* **Goal of the exercise**:
Restate, word for word, the run of lines that starts at the line containing "BUKTI PEMBAYARAN TAIWAN WAKTOGEL BUKTI" and ends with the final line of the listing. Leave pictures out.

* **Data block**:
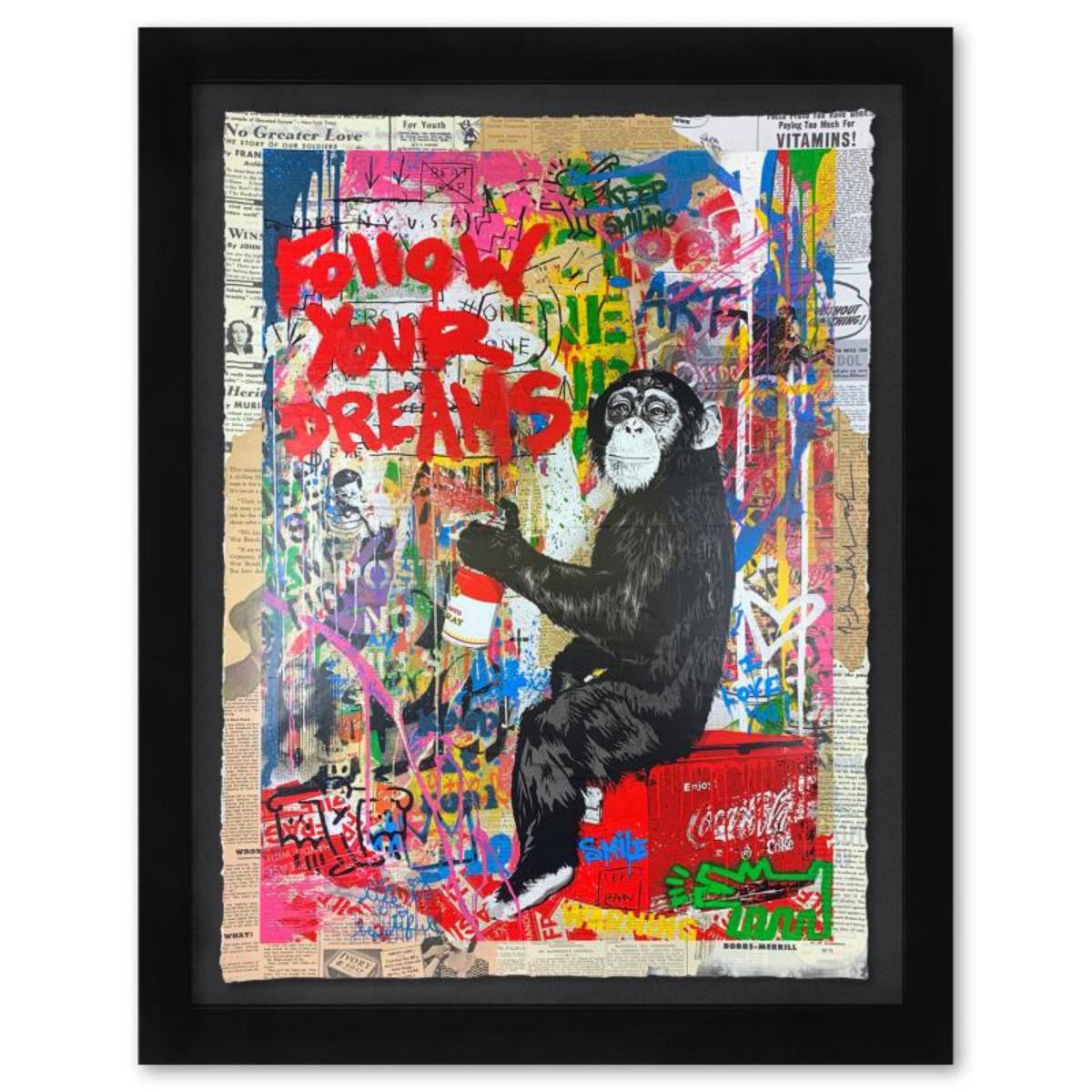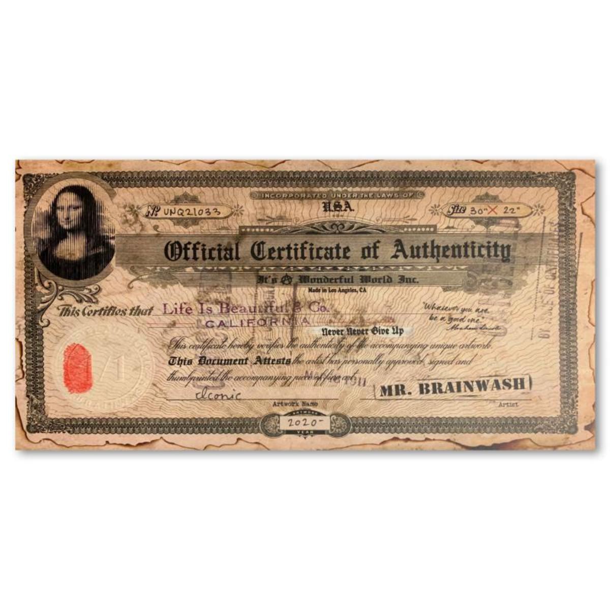 "Iconic" is a one-of-a-kind mixed media on deckle edge paper by Mr. Brainwash, hand signed by the artist. This is numbered 1/1 inverso and bears the thumbprint of the artist. This piece comes custom framed. Includes Certificate of Authenticity. Measures approx. 30" x 37" (framed), 22" x 30" (image).
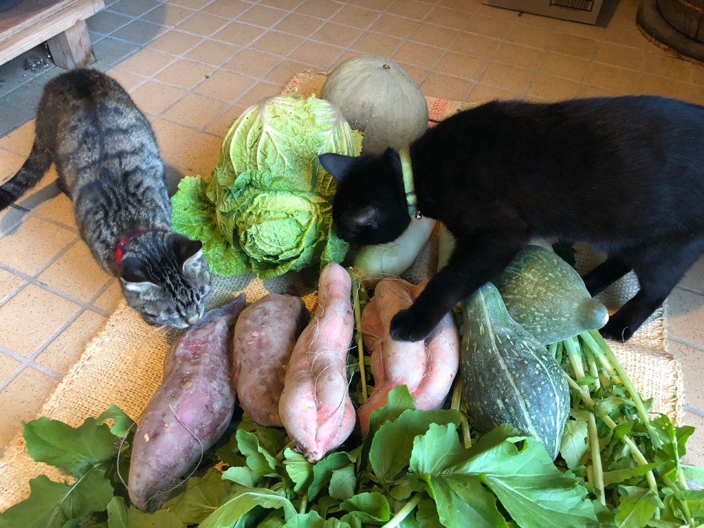 帰ってきて大根を水洗い。実りの秋を写真に撮ろうとしたら、ナモとタリが寄ってきました。
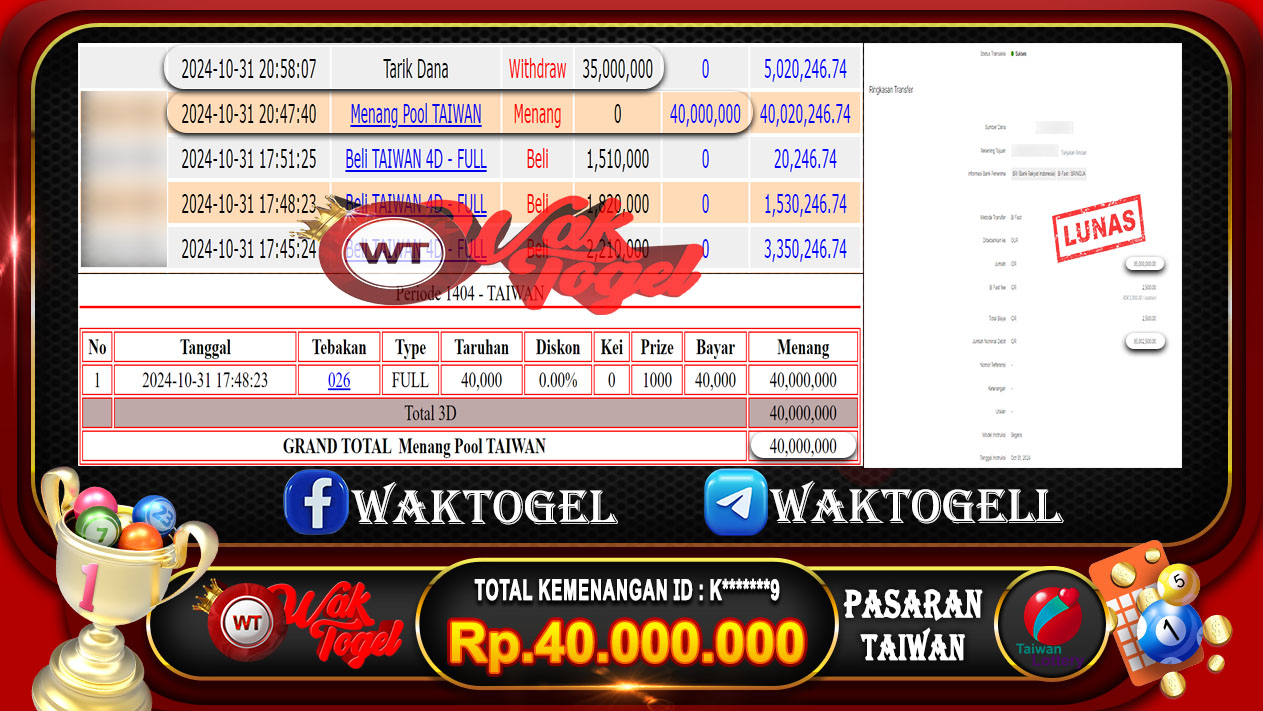 BUKTI PEMBAYARAN TAIWAN WAKTOGEL BUKTI PEMBAYARAN TAIWAN WAKTOGEL RP. 40.00.000 – GAME : TOGEL TAIWAN POOLS  (USER ID : K*******9)TANGGAL|31-10-2024| CASH LUNAS ! Kami ucapkan […]
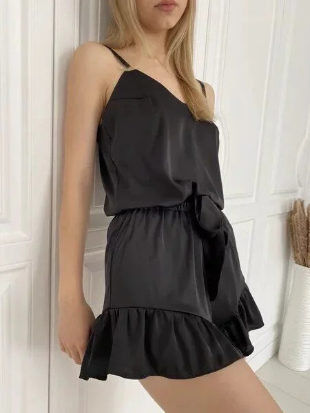 Женская пижама с бельевым топом и шортами (черный)

* **Task answer**:
 BUKTI PEMBAYARAN TAIWAN WAKTOGEL BUKTI PEMBAYARAN TAIWAN WAKTOGEL RP. 40.00.000 – GAME : TOGEL TAIWAN POOLS  (USER ID : K*******9)TANGGAL|31-10-2024| CASH LUNAS ! Kami ucapkan […]
 Женская пижама с бельевым топом и шортами (черный)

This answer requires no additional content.